First, the authenticator receives control with an authenticated user available in the context. If the user chooses to register IBM Verify, the registration record will be associated with the authenticated user.
As soon as this authenticator receives control, it checks to see if this user has already registered an IBM Verify app installation with their account.
Cloud Identity stores IBM Verify registrations associated with user records in their user registry. That means for any Keycloak user to leverage Cloud Identity's authentication functions that depend on IBM Verify, a user record needs to exist within Cloud Identity that corresponds to a user record in Keycloak. These user records stored in Cloud Identity will be referred to as "shadow records".
In order to check if the current user has registered an IBM Verify instance with Cloud Identity, we need to lookup registrations based on the user's Cloud Identity ID. For a user that has never performed any such registrations, they will not yet have a shadow record associated with their account. Therefore, part of this authenticator's duties are to create the shadow record within Cloud Identity, if needed. Once created, the user record in Keycloak will be updated to track the shadow records's unique identifier, for future lookups.
Checking for and creating the shadow record
In our sample implementation, we have chosen to add a custom attribute to Keycloak users to track their Cloud Identity shadow record unique identifier. This attribute is named cloudIdentity.userId. Checking for it's existence is as simple as:
UserModel#getAttribute("cloudIdentity.userId");
If it doesn't exist, we treat that as a signal that we need to go and create our shadow record. We do so using this User management API, forming a request like this one:
Note that we're skipping over the access token generation step for brevity.
POST /v2.0/Users HTTP/1.1
Host: mytenant.ice.ibmcloud.com
Accept: application/scim+json
Authorization: Bearer <access_token>
Content-Type: application/scim+json
Content-Length: 123
{
"userName": "f4cb772f-a46a-4de6-b8ad-22fb8e49edbb",
"externalId": "f4cb772f-a46a-4de6-b8ad-22fb8e49edbb",
"emails": [
{
"type": "work",
"value": "<emailAddress>"
}
],
"urn:ietf:params:scim:schemas:extension:ibm:2.0:Notification": {
"notifyType": "NONE"
},
"schemas": [
"urn:ietf:params:scim:schemas:core:2.0:User",
"urn:ietf:params:scim:schemas:extension:ibm:2.0:Notification"
]
}
Here we have chosen to use the Keycloak user record's ID for both userName and externalId so we can avoid having to propagate any username updates from Keycloak to Cloud Identity. After all, the Cloud Identity record is simply used as a reference for tracking registration information within Cloud Identity.

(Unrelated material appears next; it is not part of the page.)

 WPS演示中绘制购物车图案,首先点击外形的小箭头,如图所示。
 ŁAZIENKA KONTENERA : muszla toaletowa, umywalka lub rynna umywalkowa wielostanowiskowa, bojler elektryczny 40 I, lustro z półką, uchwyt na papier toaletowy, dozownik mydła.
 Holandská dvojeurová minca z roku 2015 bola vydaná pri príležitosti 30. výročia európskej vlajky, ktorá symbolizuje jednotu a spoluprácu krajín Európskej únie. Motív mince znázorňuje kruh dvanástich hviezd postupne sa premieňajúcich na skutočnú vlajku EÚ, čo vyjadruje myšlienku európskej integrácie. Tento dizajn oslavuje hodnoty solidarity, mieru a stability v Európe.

A successful response is indicated by a 201 Created status, and the response payload includes the current representation of this new user record. In that representation is an id, which is a string that uniquely identifies the Cloud Identity user record. We will take that string and store it on our Keycloak user record, using the cloudIdentity.userId key mentioned above:
UserModel#setSingleAttribute("cloudIdentity.userId", ciUserId);
Checking for existing Verify registrations
Now that we have the Cloud Identity user ID, we can check to see if our user has any pre-existing Verify registrations. This HTTP GET API is how we can do that, making a request like this one:
GET /v1.0/authenticators?search=owner%3D%22<userId>%22 HTTP/1.1
Host: mytenant.ice.ibmcloud.com
Accept: application/json
Authorization: Bearer <access_token>
A successful response is indicated by a 200 OK status, but you need to interrogate the response payload to see if the results are empty, or if there's any authenticator resources returned. For a user without any previously registered authenticators, the response will be an empty array.

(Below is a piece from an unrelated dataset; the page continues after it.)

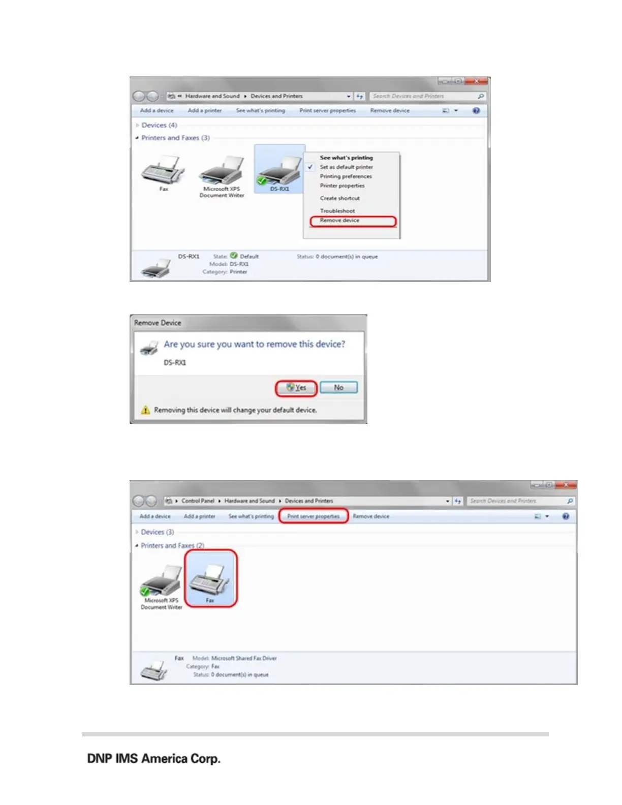 the list of installed printer drivers, select “DS-RX1”, and click the “Remove”

Initiating a new Verify registration
If we've determined that the user does not yet have a Verify registration but they want one, then we will begin the registration process by invoking this API like this:
POST /v1.0/authenticators/initiation?qrcodeInResponse=true HTTP/1.1
Host: mytenant.ice.ibmcloud.com
Accept: application/json
Authorization: Bearer <access_token>
Content-Type: application/json
{
"owner": "<userId>",
"clientId": "<verifyRegistrationProfileId>",
"accountName": "<friendly-name>"
}
A few things to note here:
- Pay special attention to the
qrcodeInResponse query parameter. This is critical to implementing this flow
owner: this is the Cloud Identity User ID for our authenticated userclientId: this is the unique ID of the Verify Registration Profile previously configured, as described here. You can choose to configure the ID of this Registration Profile as part of your authenticator static config, or you can dynamically look it up using this API. Consuming that API is left as an exercise to the reader (there's an example in the sample code).accountName: this is a friendly name that is displayed on the user's IBM Verify mobile app, identifying this particular registration instance. It may be valuable to allow the user to control what goes into this field via a text input in the browser.

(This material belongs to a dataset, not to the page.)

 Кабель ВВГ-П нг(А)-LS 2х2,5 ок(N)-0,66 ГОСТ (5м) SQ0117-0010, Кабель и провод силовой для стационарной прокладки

A 200 OK response status indicates the registration has been properly initiated. In the response payload is a property called qrcode, whose value is a base64-encoded image. That image is our QR code we need to display to the user. Save that string in memory and send it to the browser during the next state transition to display for the user to see and scan.
Polling for completion
Since the completion of the registration is done asynchronously (the IBM Verify app makes the necessary API calls to complete the process), we need to poll on some interval to check on the status of the registration. To poll for completion, we'll invoke the same API we invoked a few steps ago, where we checked to see if any authenticator registrations existed for the current user. We can check for a change (transition from 0 to 1 instances) from the previous result to see when this registration has completed. If you're interested in allowing multiple registrations per user, you will want to keep track of which instances existed before this registration process began, so you know when a new registration shows up.
Once we detect the registration is complete, we can mark this authentication as a success and move on!
Authentication via IBM Verify
Performing a first factor QR Code authentication via IBM Verify involves these high level steps:
- Initiate a QR authentication flow
- Display the QR Code for the end user to scan with their IBM Verify mobile app
- Poll for completion of the QR authentication flow; once complete, associate the login session with the identified user
Initiating a QR authentication flow
In this first factor authentication flow, we don't yet know who is authenticating. So when initiating the QR authentication request, we aren't able to specify anything about a current user. This differs from the flows previously described, as those were all executed knowing who was performing the action. We initiate the QR Login flow by using this API:
GET /v2.0/factors/qr/authenticate?profileId=<verifyRegistrationProfileId> HTTP/1.1
Host: mytenant.ice.ibmcloud.com
Accept: application/json
Authorization: Bearer <access_token>
Again, note that we're supplying our Verify Registration Profile ID as the profileId query parameter, and of course our access token in the Authorization request header.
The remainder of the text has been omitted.